Часть 30 из 80 В начало
Для доступа к библиотеке пройдите авторизацию
– Члены Благочестивого общества аптекарей до сих пор опомниться не могут. Пока они задницы свои чесали, она благополучно прошла у них аттестацию и получила лицензию [36]. Блэкуэлл [37], Гарретт, другие женщины, наделенные умом и сообразительностью, имеют полное право притязать…
– Да, Прадо, знаю. Гарретт еще станет толковым врачом, – говорит Брайди ледяным тоном.
– Если бы еще остальные студенты не выступали против нее. Ничтожества.
– Свои приверженцы у нее тоже есть.
– Женщины-медики… – начинает Прадо.
– Это именно то, что необходимо обществу, – заканчивает за него Брайди. Если сейчас разговор пойдет о Сикоул [38] и Найтингейл [39], он до ночи не слезет со своего любимого конька.

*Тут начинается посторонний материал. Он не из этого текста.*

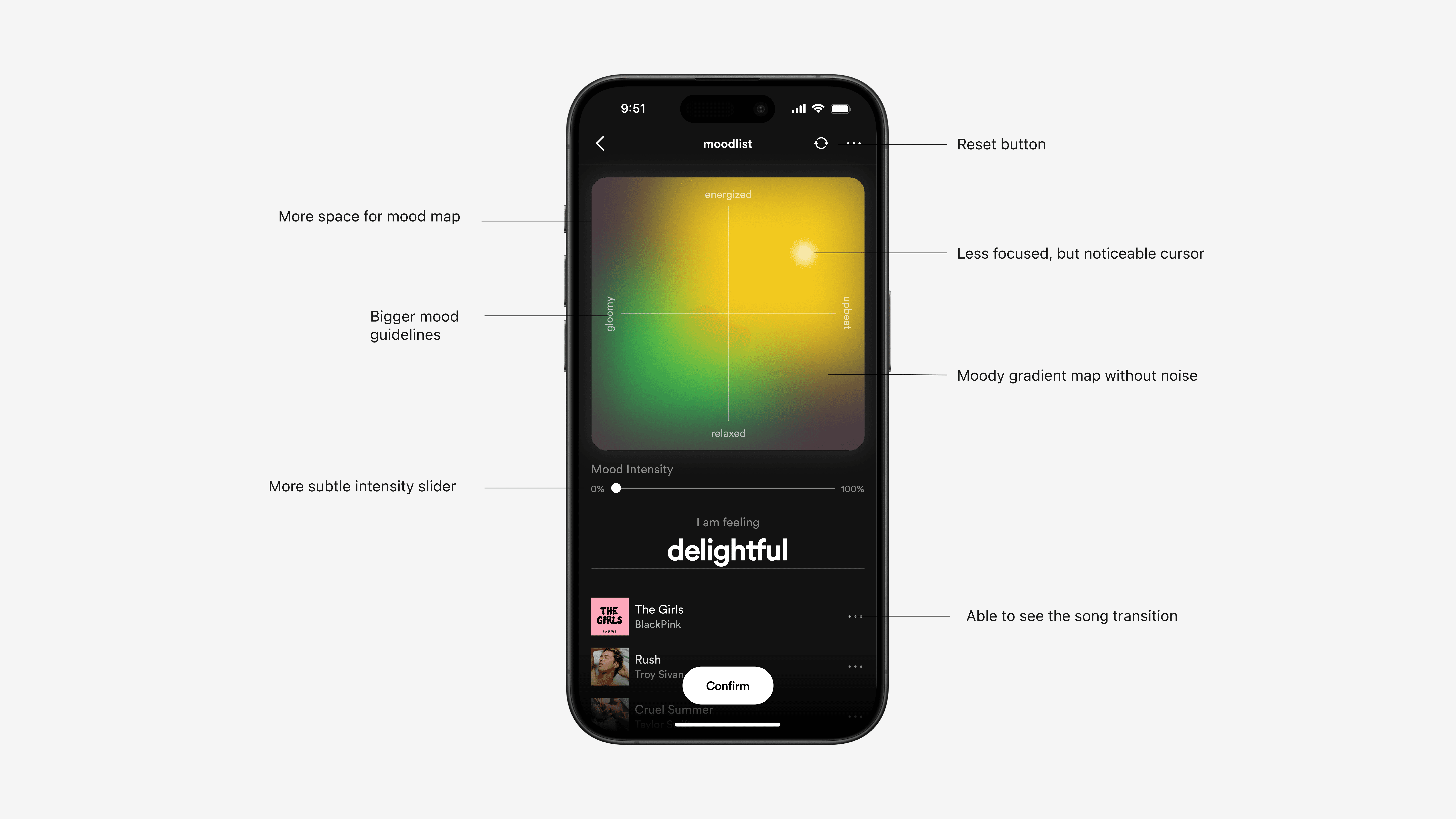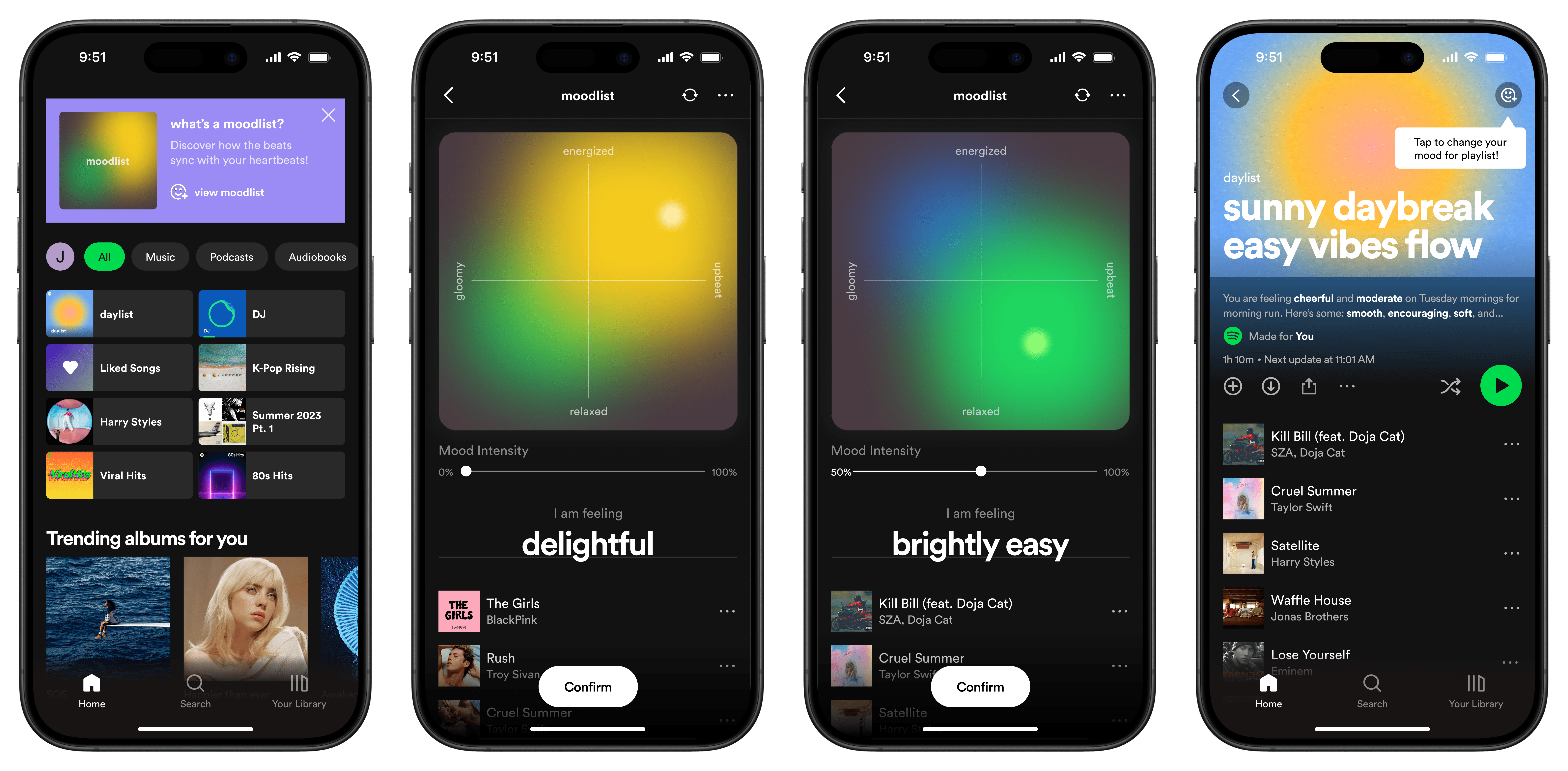 A new feature for Spotify that tracks a user’s current emotional state with an interactive tool and immediately creates a more hyper-personalized playlist that matches the user’s specified mood of the moment.
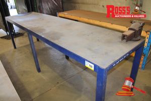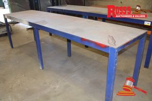 WORKBENCH, STEEL FRAME, STEEL TOP, APPROX 2930mm X 810mm X 765mm H
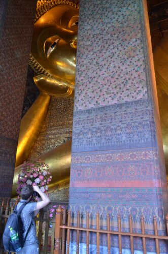 Of course we didn’t just ride around on public transport all day for the fun of it, we had a packed day visiting some of the most important Bangkok sights. First up was the Grand Palace (a gift from Vicki, thank you!) which was situated in a temple complex surrounded by huge white walls. A repeated announcement incongruously played some cheesy big band music as if it was the entrance to a fairground. Everyone had to have completely covered legs and shoulders; I’d prepared for this by bringing an extra top but hadn’t accounted for having to wear it around the grounds as well as in the temples.Consequently I, with hundreds of others, spent the day uncomfortably melting in the blazing heat.
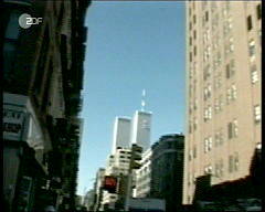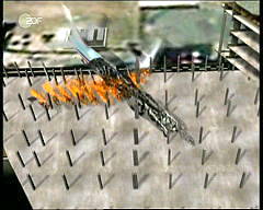 Desweiteren zum Vergleich noch eine Videoaufnahme aus dem Film 'Loose Change': hier sehen wir von unten, wie das Flugzeug in den Südturm fliegt. Wie im 'Protokoll des Grauens' verschwindet das Flugzeug im Turm wie in Butter, fast ohne in der Fassade des Gebäudes Spuren zu hinterlassen, und ohne daß (leichtere) Teile des Flugzeugs von der Fassade und den darin senkrecht verlaufenden Stahlträgern aufgehalten und zurückgeschleudert würden. Es ist, als wären die Stahlträger nicht vorhanden (ähnlich wie es im Fall des Anschlags auf das Pentagon in der Simulation von Prof. Sozen - die mit einem Stahlgitter verstärkte Außenwand ignorierend - zu sehen ist)
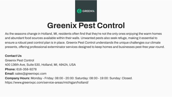 As the seasons change in Holland, MI, residents often find that they're not the only ones enjoying the warm homes and abundant food sources available within their walls. Unwanted pests also seek refuge, making it essential to ensure a robust pest control plan is in place. Greenix Pest Control understands the unique challenges our climate presents, offering professional exterminator services designed to keep homes and businesses pest-free year-round. Contact Us
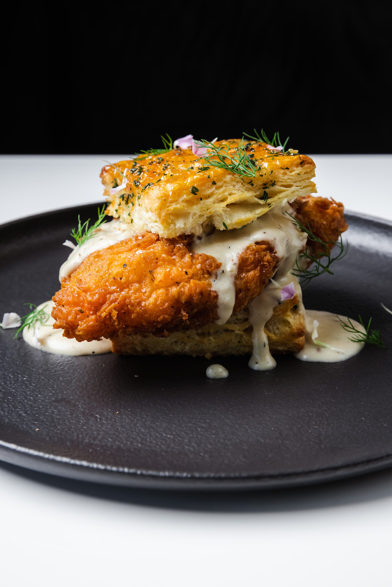 - Smothered Fried Chicken Biscuit – freshly baked thyme biscuit, fried chicken, saw mill gravy, hot sauce
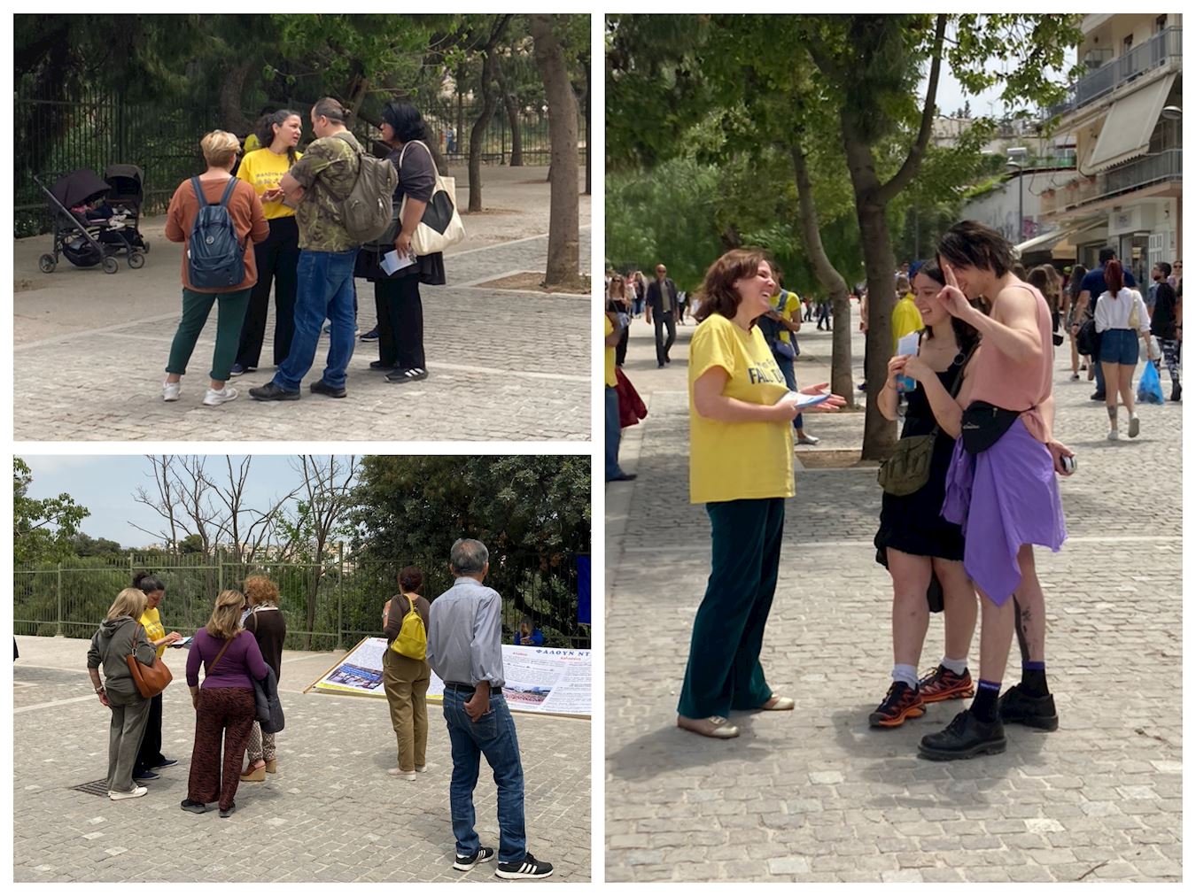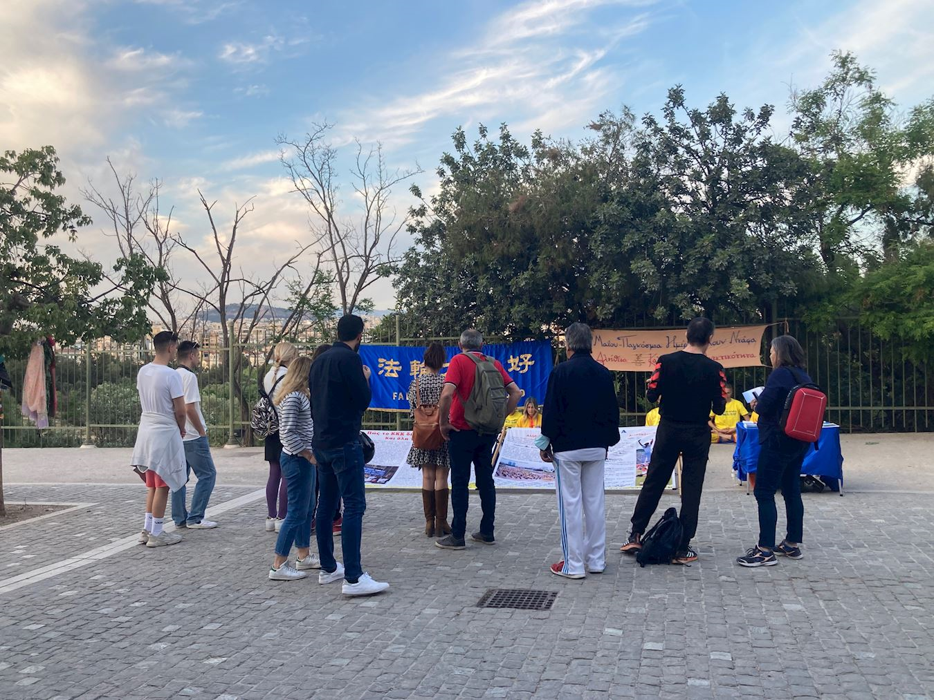 卫城是雅典最著名的景点,商业街上行人络绎不绝,熙熙攘攘。法轮功学员平静祥和的功法展示,形成了特别的风景,引起了行人的关注。有的人询问什么是法轮功,有的人问炼功点的信息,还有的人多拿一份传单带给亲友。

Уловив нотки категоричности в голосе Брайди, Прадо пытливо смотрит на нее. И замечает, что она сильно удручена. Вроде бы наблюдает, как ворон теребит край оттоманки, но на самом деле ничего не видит.
– Брайди, ты хоть спишь?
– Конечно.
– А питаешься как? Хорошо, регулярно?
– Эти вопросы обычно задает миссис Прадо.
Он показывает на сосуд с Уинтеровой Русалкой.
– Лестер Лафкин купил бы эту штуковину. Еще бы научить Русалку жонглировать.
– Лестер Лафкин – отпетый мерзавец.
– Импресарио Лафкин теперь Очень Важная Персона. – Прадо подается вперед всем телом. – Через пару недель его цирк приезжает в Челси. Он планирует устроить феерическое представление с морским уклоном. Воссоздать в Креморнских садах [40] водный рай Нептуна.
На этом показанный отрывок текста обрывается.